# WHAT YOU SHOULD DO
Restate word for word the opening line of the data below and every line after it until the line with "Праздничная рождественская открытка", that line too, but not the pictures.

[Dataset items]
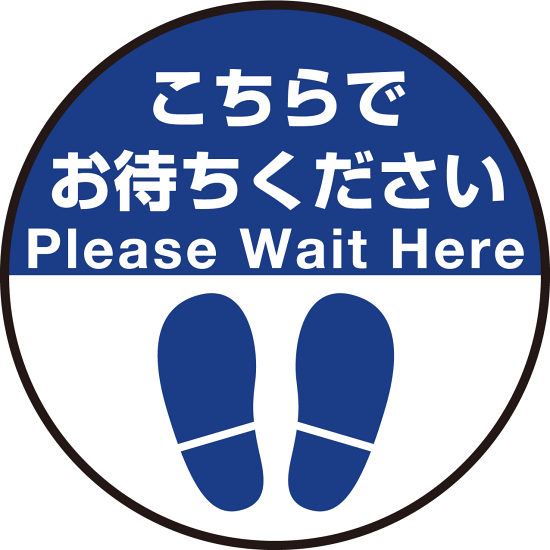 床面サイン フロアラバーマット 円形 こちらでお待ちください デザイン008 防炎シール付 Dタイプ 直径40cm (PEFS-008-D(40))
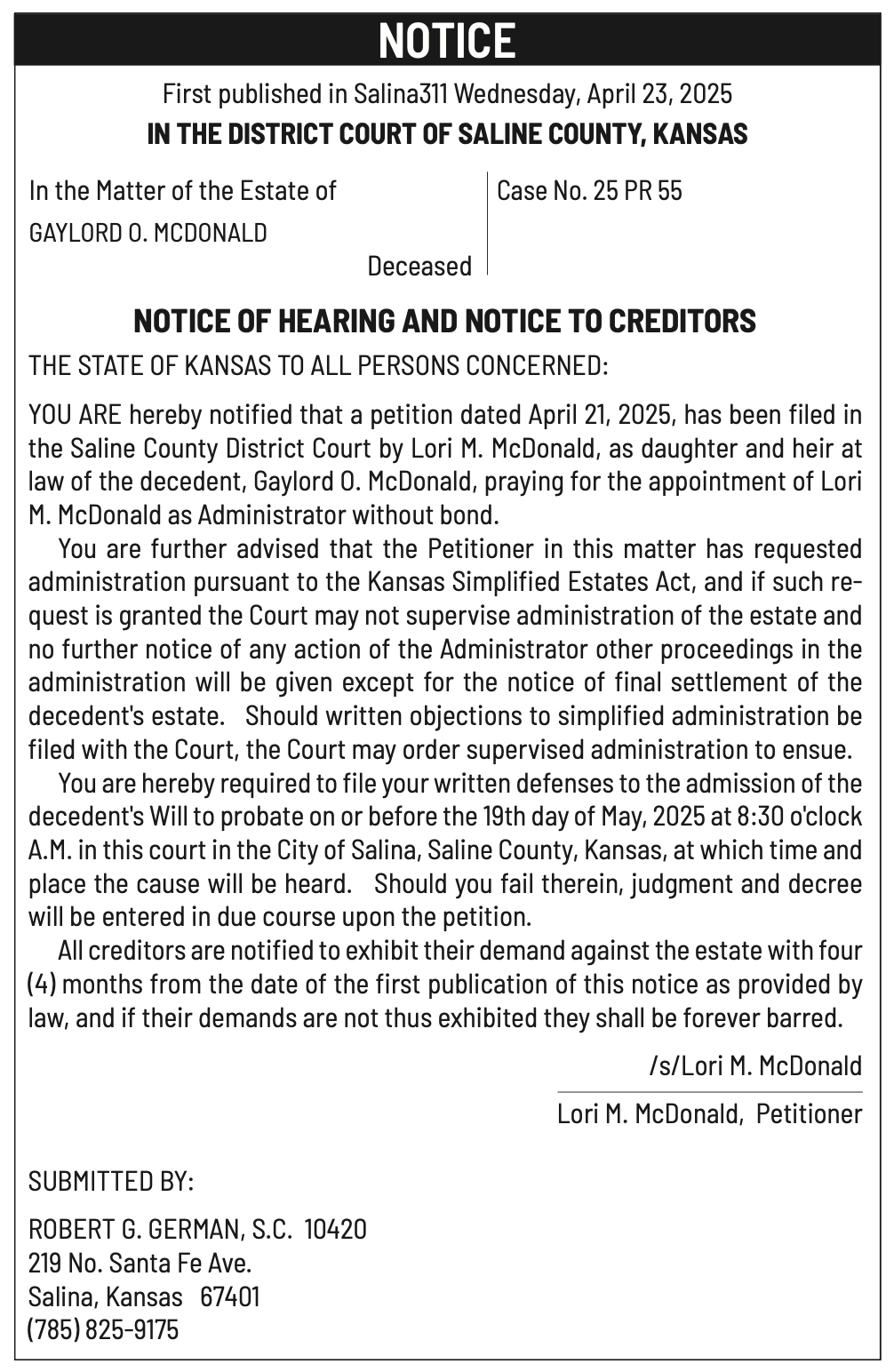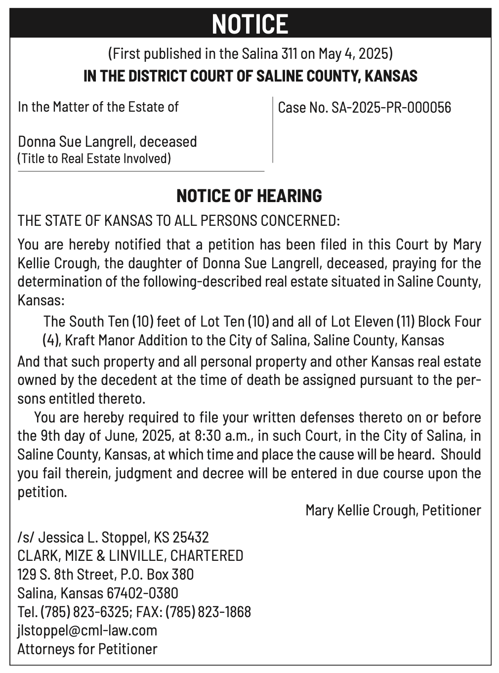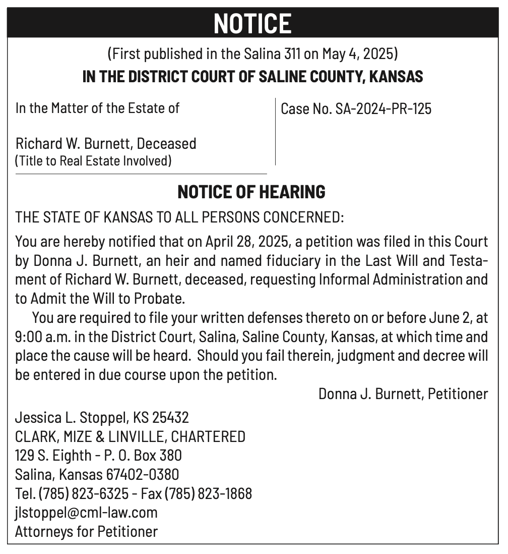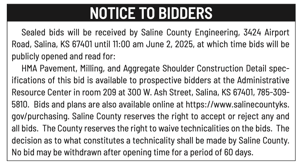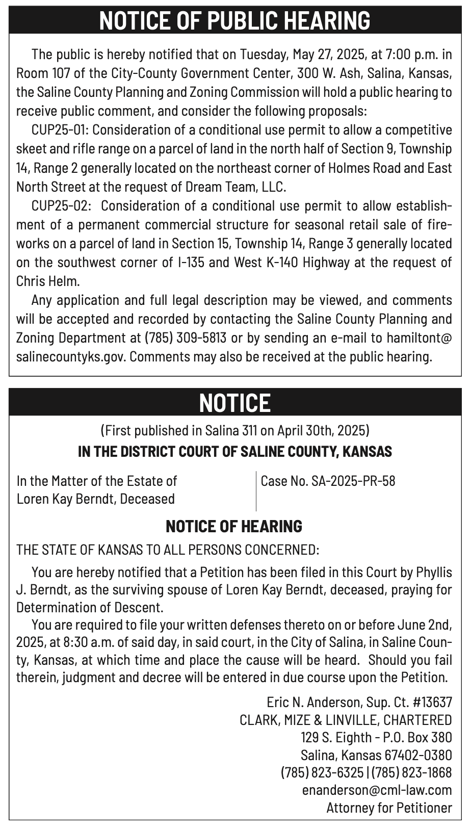 Public notices published in the Salina311 Newspaper on May 11th and/or May 7th.π‘This story was featured in the Salina311 Newspaper. Subscribe To The Paper
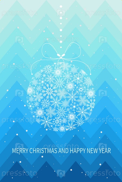 Праздничная рождественская открытка с елочным шаром из снежинок. Открытка с Рождеством и Новым годом. Векторная иллюстрация
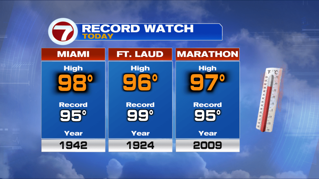 Aside from record heat being possible — if not likely — in both Miami and Marathon again today, Miami has a shot at reaching 98F, which is our forecast high. Most years never reach a temperature that high and the record for most days with a high of at least 98F is 2 days, which happened in back-to-back years of 2019 and 2020!
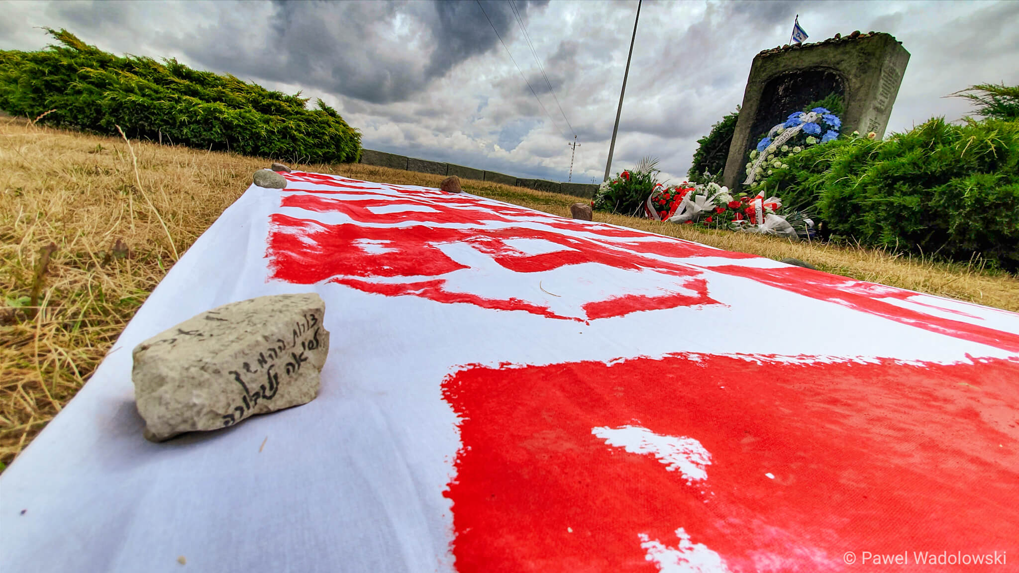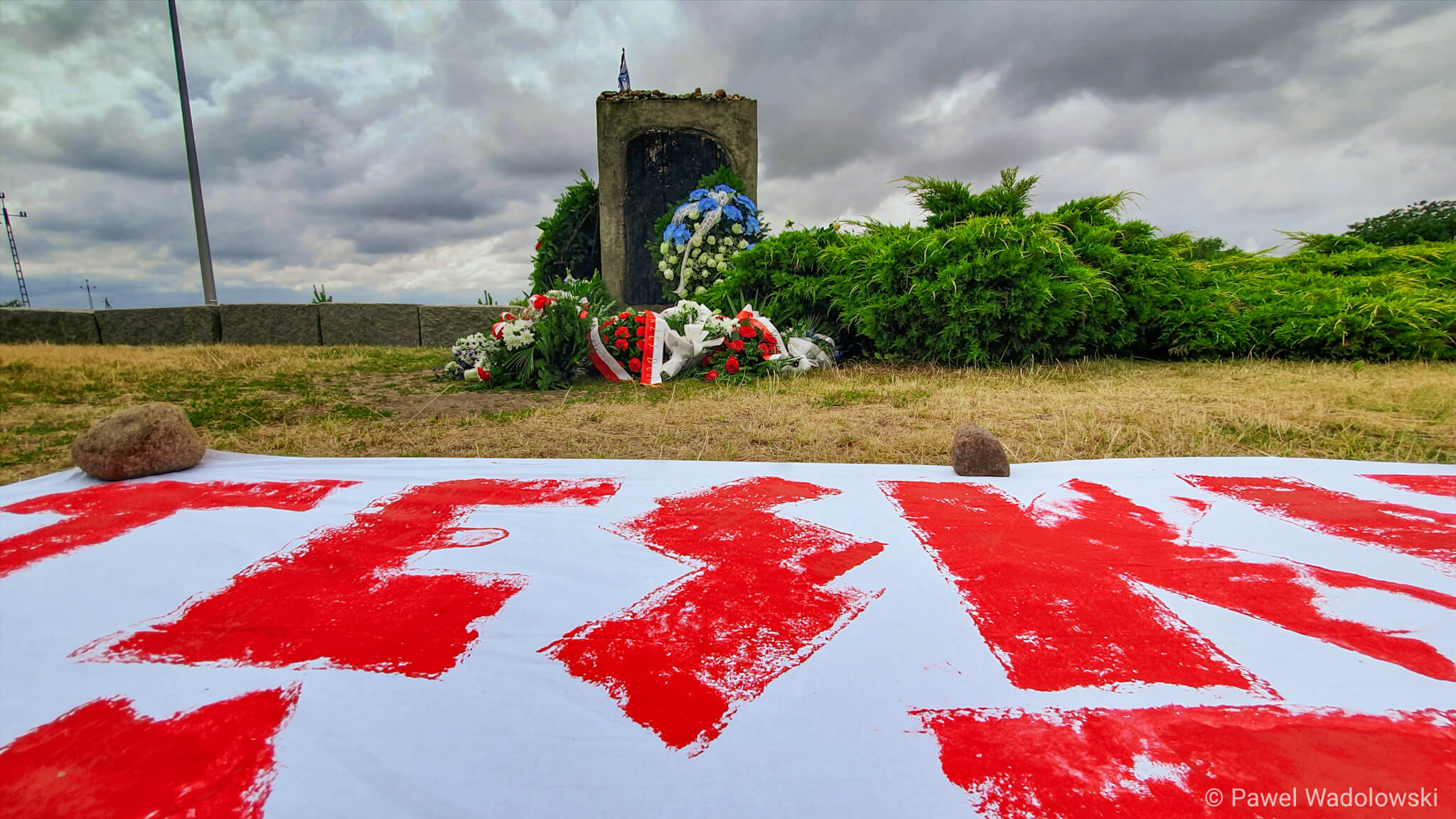 Podobny, ale już na płachcie materiału, położony jest przy pomniku upamiętniającym zbrodnię sprzed 78 lat. Policjanci ustalają, kto jest autorem tych napisów.

# SOLUTION TO THIS TASK
 床面サイン フロアラバーマット 円形 こちらでお待ちください デザイン008 防炎シール付 Dタイプ 直径40cm (PEFS-008-D(40))
 Public notices published in the Salina311 Newspaper on May 11th and/or May 7th.π‘This story was featured in the Salina311 Newspaper. Subscribe To The Paper
 Праздничная рождественская открытка с елочным шаром из снежинок. Открытка с Рождеством и Новым годом. Векторная иллюстрация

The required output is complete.